This article is about the radio navigation aid, see VOR for other uses.

D-VOR (Doppler VOR) ground station, co-located with DME.
D-VOR (Doppler VOR) ground station, co-located with DME.

VOR, short for VHF Omni-directional Radio Range, is a type of radio navigation system for aircraft. A VOR ground station broadcasts a VHF radio composite signal including the station's identifier in morse code (and sometimes a voice identifier), and data that allows the airborne receiving equipment to derive a magnetic bearing from the station to the aircraft (direction from the VOR station in relation to the Earth's magnetic North at the time of installation). VOR stations in areas of magnetic compass unreliability are oriented with respect to True North. This line of position is called the "radial" from the VOR. The intersection of two radials from different VOR stations on a chart allows for a "fix" or approximate position of the aircraft.

Developed from earlier Visual-Aural Range (VAR) systems, the VOR was designed to provide 360 courses to and from the station selectable by the pilot. Early vacuum tube transmitters with mechanically-rotated antennas were widely installed in the 1950s, and began to be replaced with fully solid-state units in the early 1960s. They became the major radio navigation system in the 1960s, when they took over from the older radio beacon and four-course (low/medium frequency range) system.
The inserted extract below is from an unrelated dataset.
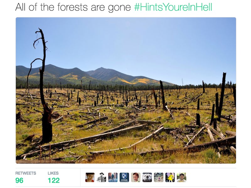 “All of the forests are gone,” reads the tweet, followed by “#HintsYoureInHell.” A photograph below the text shows a grim scene: an expanse of leafless stumps and fallen tree trunks.
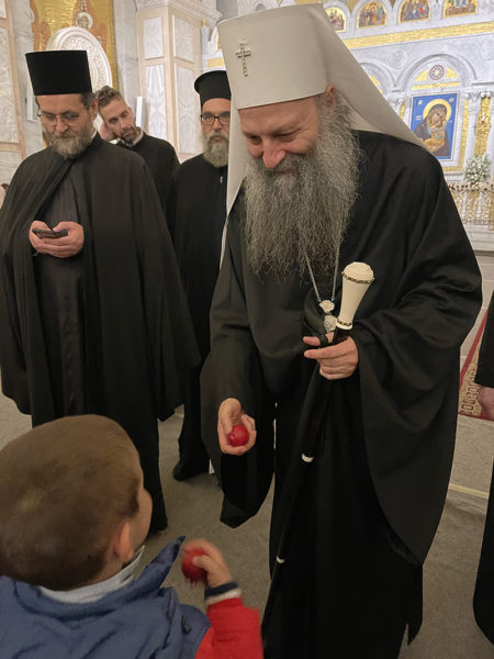Κατά την εορτή της Αναστάσεως του Κυρίου Ιησού Χριστού, 24 Απριλίου 2022, ο Πατριάρχης Σερβίας κ.κ. Πορφύριος τέλεσε τον πανηγυρικό Εσπερινό της Αγάπης στον Καθεδρικό Ναό του Αγίου Σάββα στο Βρακάρ.

Some of the older range stations survived, with the four-course directional features removed, as non-directional low or medium frequency radiobeacons (NDBs).

The VOR's major advantage is that the radio signal provides a reliable line (radial) from the station which can be selected and followed by the pilot. A worldwide land-based network of "air highways", known in the US as Victor airways (below 18,000 feet) and "jet routes" (at and above 18,000 feet), was set up linking VORs. An aircraft could follow a specific path from station to station by tuning the successive stations on the VOR receiver, and then either following the desired course on a Radio Magnetic Indicator, or setting it on a Course Deviation Indicator (CDI, shown below) or a Horizontal Situation Indicator (HSI, a more sophisticated version of the VOR indicator) and keeping a course pointer centered on the display.


VOR symbols.
VOR symbols.

VORs provide considerably greater accuracy and reliability than NDBs due to a combination of factors in their construction -- specifically, less course bending around terrain features and coastlines, and less interference from thunderstorms. Although VOR transmitters were more expensive to install and maintain, today VOR has almost entirely replaced the low/medium frequency ranges and beacons in civilian aviation, and is now in the process of itself being supplanted by the Global Positioning System (GPS). Because they work in the VHF band, VOR stations rely on "line of sight" -- if the transmitting antenna could not be seen on a perfectly clear day from the receiving antenna, a useful signal cannot be received. This limits VOR (and DME) range to the horizon -- or closer if mountains intervene. This means that an extensive network of stations is needed to provide reasonable coverage along main air routes. The VOR network is a significant cost in operating the current airway system, although the modern solid state transmitting equipment requires much less maintenance than the older units.

How VORs work

VORs are assigned radio channels between 108.0 MHz (megahertz) and 117.95 MHz (with 50 kHz spacing); this is in the VHF (very high frequency) range.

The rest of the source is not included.